→ **Exercise requirements**
Every line below is to be set down again exactly; any image stays out.

------ Listed entries

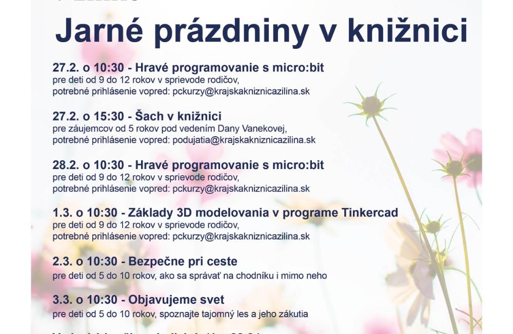 Od pondelka 27. februára začínajú žiakom Žilinského kraja jarné prázdniny, ktoré potrvajú do piatka 3. marca. Krajská knižnica v Žiline si pri tejto príležitosti pripravila pestrú ponuku podujatí pre tých, ktorí aj počas voľných dní túžia po poznaní a nových vedomostiach:
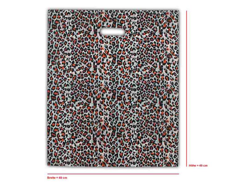 500 Modische Tragetaschen Plastiktüten Tüten im Tiger-Design Maße 40 x 49 cm (B x H) - nur 0,13 EUR je Tragetasche Sie erhalten bei diesem Angebot 500 modische Tragetaschen mit Griffloch im abgebildeten Tiger-Design. Neuware - original verpackt. 1VE: 500 Tragetaschen Maße: 40 x 49 cm (B x H) Muster bzw. Motiv: siehe Bilder Preis je VE (500 Tragetaschen): 65,- EUR Preis je Tragetasche: 0,13 EUR
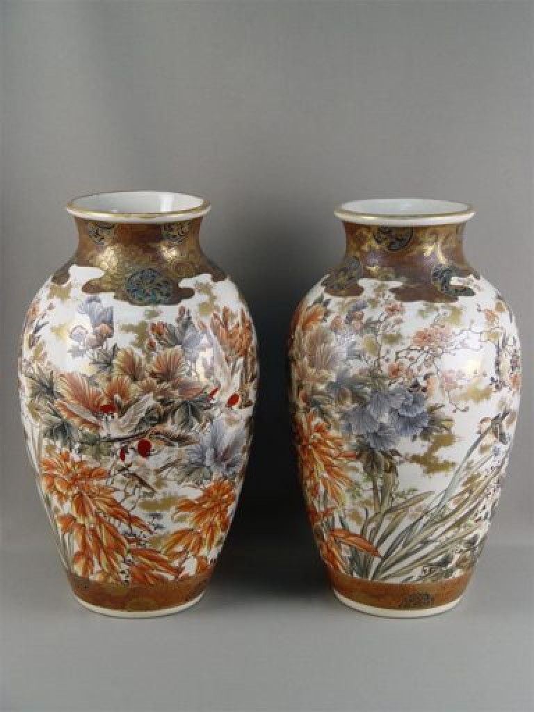 Пара декоративных ваз «Цветы и птицы». Япония, начало XX века. Фарфор, роспись, золочение.
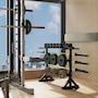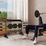 ● Includes a dumbbell layer, 3 barbell holders, and 7 plate posts;
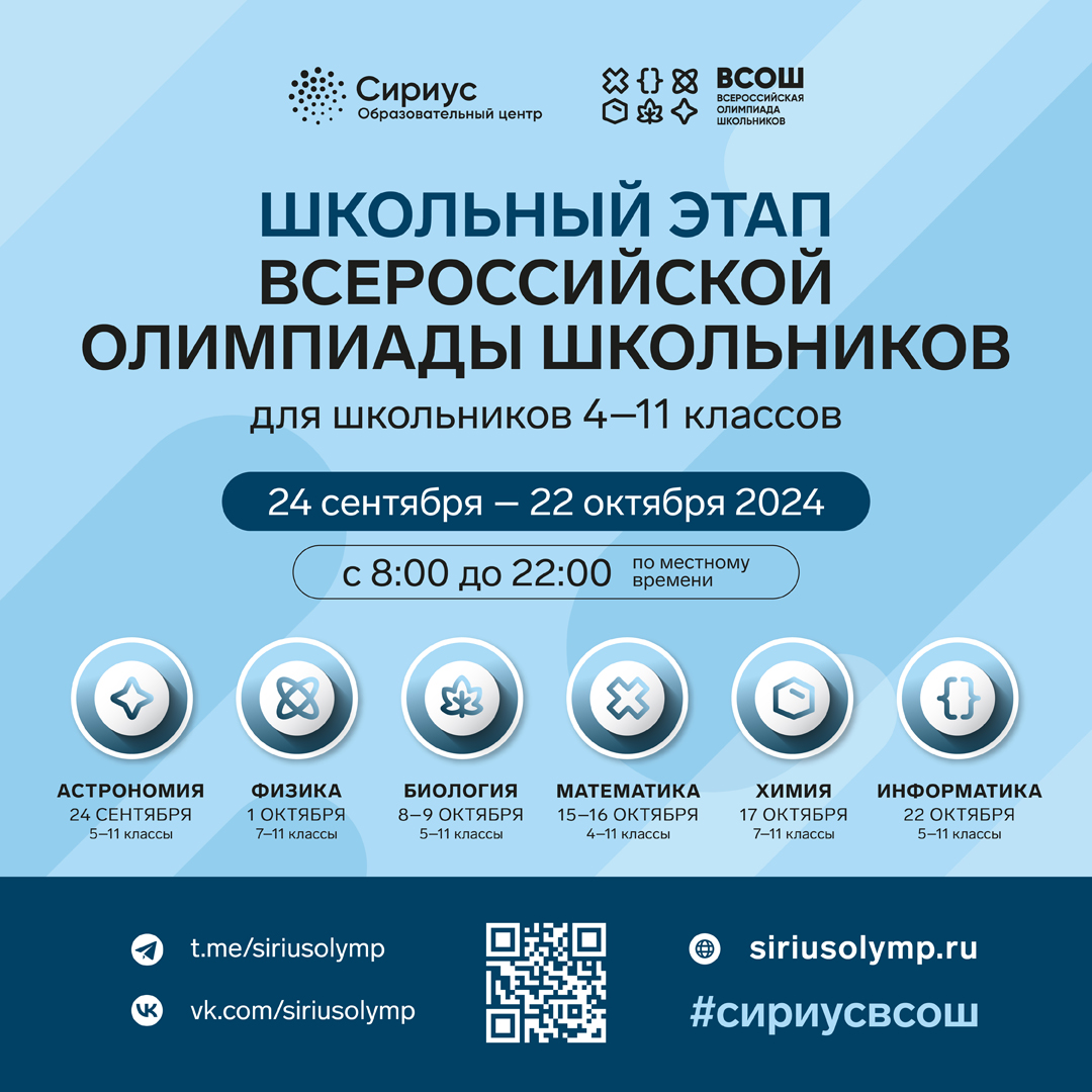 Стартовал новый цикл всероссийской олимпиады школьников 2024/25 учебного года. 24 сентября (вторник) состоится первая олимпиада по АСТРОНОМИИ для учащихся 5-11 классов на на технологической платформе «Сириус.Курсы».

------------

→ **Task solution**
 Od pondelka 27. februára začínajú žiakom Žilinského kraja jarné prázdniny, ktoré potrvajú do piatka 3. marca. Krajská knižnica v Žiline si pri tejto príležitosti pripravila pestrú ponuku podujatí pre tých, ktorí aj počas voľných dní túžia po poznaní a nových vedomostiach:
 500 Modische Tragetaschen Plastiktüten Tüten im Tiger-Design Maße 40 x 49 cm (B x H) - nur 0,13 EUR je Tragetasche Sie erhalten bei diesem Angebot 500 modische Tragetaschen mit Griffloch im abgebildeten Tiger-Design. Neuware - original verpackt. 1VE: 500 Tragetaschen Maße: 40 x 49 cm (B x H) Muster bzw. Motiv: siehe Bilder Preis je VE (500 Tragetaschen): 65,- EUR Preis je Tragetasche: 0,13 EUR
 Пара декоративных ваз «Цветы и птицы». Япония, начало XX века. Фарфор, роспись, золочение.
 ● Includes a dumbbell layer, 3 barbell holders, and 7 plate posts;
 Стартовал новый цикл всероссийской олимпиады школьников 2024/25 учебного года. 24 сентября (вторник) состоится первая олимпиада по АСТРОНОМИИ для учащихся 5-11 классов на на технологической платформе «Сириус.Курсы».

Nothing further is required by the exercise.